Discussions: some gory details mainly for developers
Bugs: Doubtless!! I think we've cleared most of the the list.
Let us know.
NOTE: Some nested subdiv objects, most notably sp, lg, and stage tags,
may conflict with one another. This has to do with preset object
depths as a holdover from the PhiloLogic2 series. See FUTURE
DEVELOPMENTS below. Slight modifications to rules will fix most
of these, but long term requires deeper object index function.
Discussing: subdiv object report generator. Currently,
if you search for subdiv objects (in a selected set of docs or
whole database) it will simply report these by types and attributes
by document. Not sure how these should be handled. Suggestions?
textload.cfg has an instruction to dump pretty raw XPATHS in
div and subdiv tables. Might be useful.
Testing Needed: Well, everything, of course. But, internal
document navigation.

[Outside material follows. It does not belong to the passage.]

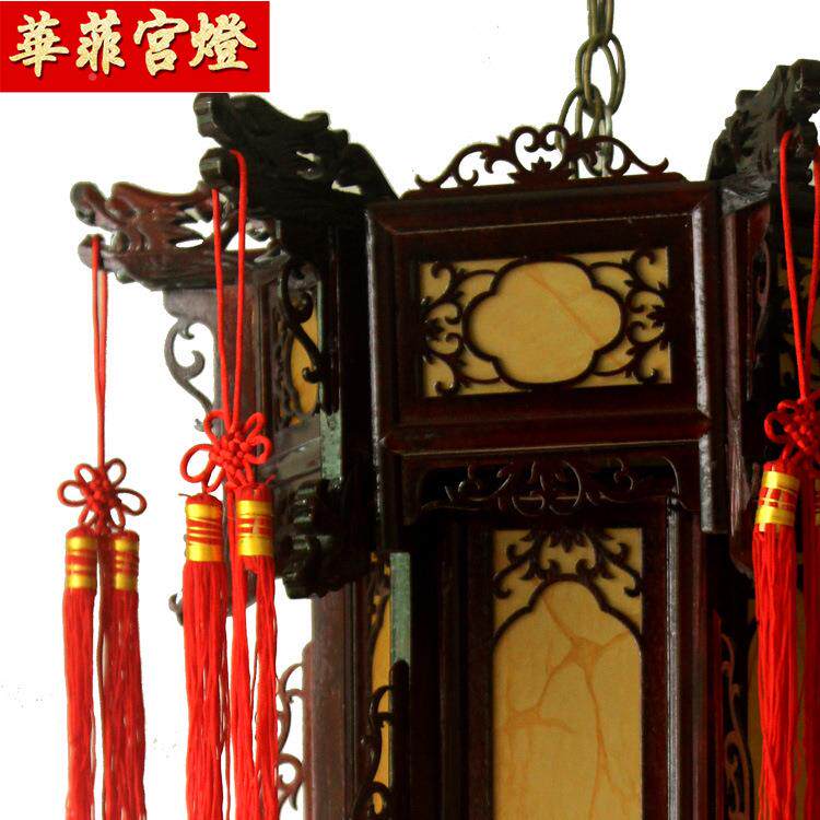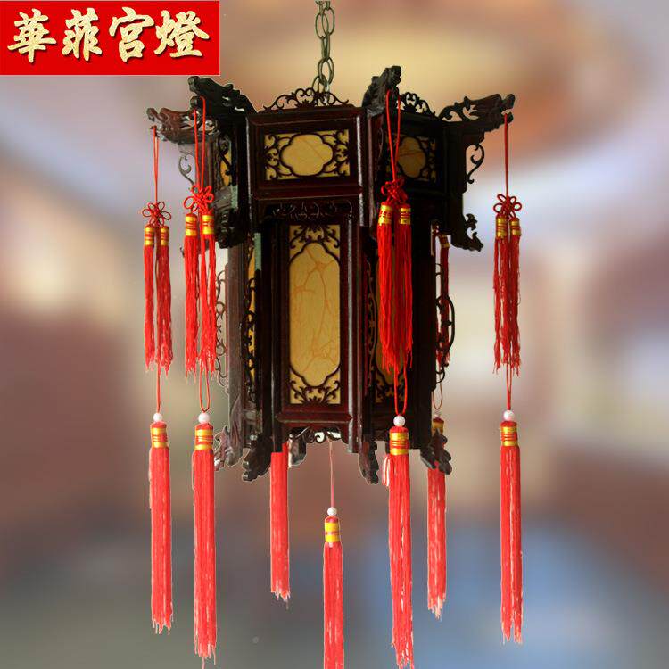 📚 实木仿古六角宫灯复GPI古简约羊皮纸灯笼黄筑园林景区建风装饰古

This is based on a single object link table.
Seems to work. Using this for notes, and other internal cross references,
such as tables of contents, indexes, etc.
NOT Implemented at this time:
- stylometric statistic generation: See the todo list. Reason:
TEI data is far too variant to decide on what constitutes a
block -- paragraph. Sentence recognition is still pretty basic
and subject to variations. So the most interesting data for
stylometrics is too dependent on parser behavior to be very
reliable. A good idea, but probably not now....
Future Development in rough order of priority:
- Internationalization: we need to move all user level error
messages to an array and support multiple language interfaces.
- Extended Object Index Depths: the new underlying text search
module supports extended object indexing for searching and retrieval.
Once we have a canonical PhiloLogic3 running with the fixed object depth
indicies, we will be implementing and testing extended object depth
processing. This will require modifications to a variety of components.
[Related to this will be new objects from NLP systems (noun/verb phrases)
and possibly a word/object type field in the base indicies].
- XML-tools based text parser? Or a rewrite of the poor man's textload
to behave more like the poor man's metadata extractor? Probably as part of
Extended Object development. And probably as an option ... still lots of
big SGML databases out there and around here.
- Let us know if there are things we should add.